● Try it
Using the records that appear below, write out exactly the lines from the one with "黒を基調としていた外観からは" through the one with "Nas imagens, a", keeping both end lines.

── Data section ──

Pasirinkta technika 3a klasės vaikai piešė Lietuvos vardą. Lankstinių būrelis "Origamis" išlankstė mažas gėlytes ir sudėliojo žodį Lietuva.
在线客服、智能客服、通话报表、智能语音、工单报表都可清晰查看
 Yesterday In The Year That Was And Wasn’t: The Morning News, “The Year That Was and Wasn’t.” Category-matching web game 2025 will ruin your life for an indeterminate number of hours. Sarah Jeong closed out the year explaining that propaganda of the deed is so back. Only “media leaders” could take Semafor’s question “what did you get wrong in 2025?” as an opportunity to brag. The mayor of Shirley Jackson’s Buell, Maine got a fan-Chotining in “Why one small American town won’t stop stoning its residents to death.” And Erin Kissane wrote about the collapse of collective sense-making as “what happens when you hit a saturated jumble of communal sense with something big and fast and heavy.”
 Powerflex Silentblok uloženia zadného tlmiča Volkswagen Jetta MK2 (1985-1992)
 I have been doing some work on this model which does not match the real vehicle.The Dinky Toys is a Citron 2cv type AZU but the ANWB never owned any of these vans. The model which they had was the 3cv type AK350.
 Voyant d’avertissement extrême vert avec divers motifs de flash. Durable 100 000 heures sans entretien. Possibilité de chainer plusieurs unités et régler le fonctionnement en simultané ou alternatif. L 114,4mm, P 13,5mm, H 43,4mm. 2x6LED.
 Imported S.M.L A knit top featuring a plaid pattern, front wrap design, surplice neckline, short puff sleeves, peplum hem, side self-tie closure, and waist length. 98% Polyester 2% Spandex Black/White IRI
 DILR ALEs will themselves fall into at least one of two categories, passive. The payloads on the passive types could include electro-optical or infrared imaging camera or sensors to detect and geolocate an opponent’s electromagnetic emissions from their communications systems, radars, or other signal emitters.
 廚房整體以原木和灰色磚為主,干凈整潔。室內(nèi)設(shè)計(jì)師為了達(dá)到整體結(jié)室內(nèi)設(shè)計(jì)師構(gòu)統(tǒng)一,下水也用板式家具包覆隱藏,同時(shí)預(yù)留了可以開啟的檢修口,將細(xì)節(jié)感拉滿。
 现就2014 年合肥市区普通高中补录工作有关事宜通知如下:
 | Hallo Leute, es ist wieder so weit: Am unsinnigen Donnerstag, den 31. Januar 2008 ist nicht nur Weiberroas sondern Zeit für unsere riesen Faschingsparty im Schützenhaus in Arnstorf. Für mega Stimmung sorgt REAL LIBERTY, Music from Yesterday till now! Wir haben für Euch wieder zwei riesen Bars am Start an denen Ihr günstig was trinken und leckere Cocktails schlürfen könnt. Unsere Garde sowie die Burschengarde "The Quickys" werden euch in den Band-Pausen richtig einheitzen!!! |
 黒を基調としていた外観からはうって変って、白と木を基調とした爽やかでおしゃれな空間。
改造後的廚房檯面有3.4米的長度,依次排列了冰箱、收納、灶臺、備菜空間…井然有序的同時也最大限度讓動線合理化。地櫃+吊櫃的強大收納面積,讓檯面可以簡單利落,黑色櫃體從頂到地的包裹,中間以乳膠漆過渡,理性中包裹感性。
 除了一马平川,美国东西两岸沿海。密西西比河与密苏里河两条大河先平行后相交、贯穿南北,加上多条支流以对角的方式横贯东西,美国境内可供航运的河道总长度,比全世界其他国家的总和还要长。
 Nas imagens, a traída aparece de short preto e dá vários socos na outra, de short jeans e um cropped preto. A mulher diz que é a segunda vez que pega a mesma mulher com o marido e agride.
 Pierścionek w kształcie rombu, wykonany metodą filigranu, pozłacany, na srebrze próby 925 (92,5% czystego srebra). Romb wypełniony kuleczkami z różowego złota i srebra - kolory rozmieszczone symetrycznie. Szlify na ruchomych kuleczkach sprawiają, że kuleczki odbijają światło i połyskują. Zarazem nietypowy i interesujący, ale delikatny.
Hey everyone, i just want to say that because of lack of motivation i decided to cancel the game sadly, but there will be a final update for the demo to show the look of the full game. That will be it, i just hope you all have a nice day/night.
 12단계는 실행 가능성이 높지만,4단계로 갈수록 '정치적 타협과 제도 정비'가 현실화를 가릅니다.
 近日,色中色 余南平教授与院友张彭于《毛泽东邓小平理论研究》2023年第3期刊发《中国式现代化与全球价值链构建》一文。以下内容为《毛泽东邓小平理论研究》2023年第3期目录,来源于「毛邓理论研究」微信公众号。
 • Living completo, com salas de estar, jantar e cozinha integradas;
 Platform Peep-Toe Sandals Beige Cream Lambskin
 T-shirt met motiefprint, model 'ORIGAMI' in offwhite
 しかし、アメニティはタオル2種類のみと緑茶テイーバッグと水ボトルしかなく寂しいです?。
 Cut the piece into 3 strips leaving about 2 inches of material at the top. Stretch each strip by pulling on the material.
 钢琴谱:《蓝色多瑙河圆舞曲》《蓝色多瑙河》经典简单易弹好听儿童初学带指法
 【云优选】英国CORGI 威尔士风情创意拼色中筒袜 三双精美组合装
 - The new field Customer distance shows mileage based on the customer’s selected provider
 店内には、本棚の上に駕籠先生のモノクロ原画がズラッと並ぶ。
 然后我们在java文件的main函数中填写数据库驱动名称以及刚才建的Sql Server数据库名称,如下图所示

───

● Reply
 黒を基調としていた外観からはうって変って、白と木を基調とした爽やかでおしゃれな空間。
改造後的廚房檯面有3.4米的長度,依次排列了冰箱、收納、灶臺、備菜空間…井然有序的同時也最大限度讓動線合理化。地櫃+吊櫃的強大收納面積,讓檯面可以簡單利落,黑色櫃體從頂到地的包裹,中間以乳膠漆過渡,理性中包裹感性。
 除了一马平川,美国东西两岸沿海。密西西比河与密苏里河两条大河先平行后相交、贯穿南北,加上多条支流以对角的方式横贯东西,美国境内可供航运的河道总长度,比全世界其他国家的总和还要长。
 Nas imagens, a traída aparece de short preto e dá vários socos na outra, de short jeans e um cropped preto. A mulher diz que é a segunda vez que pega a mesma mulher com o marido e agride.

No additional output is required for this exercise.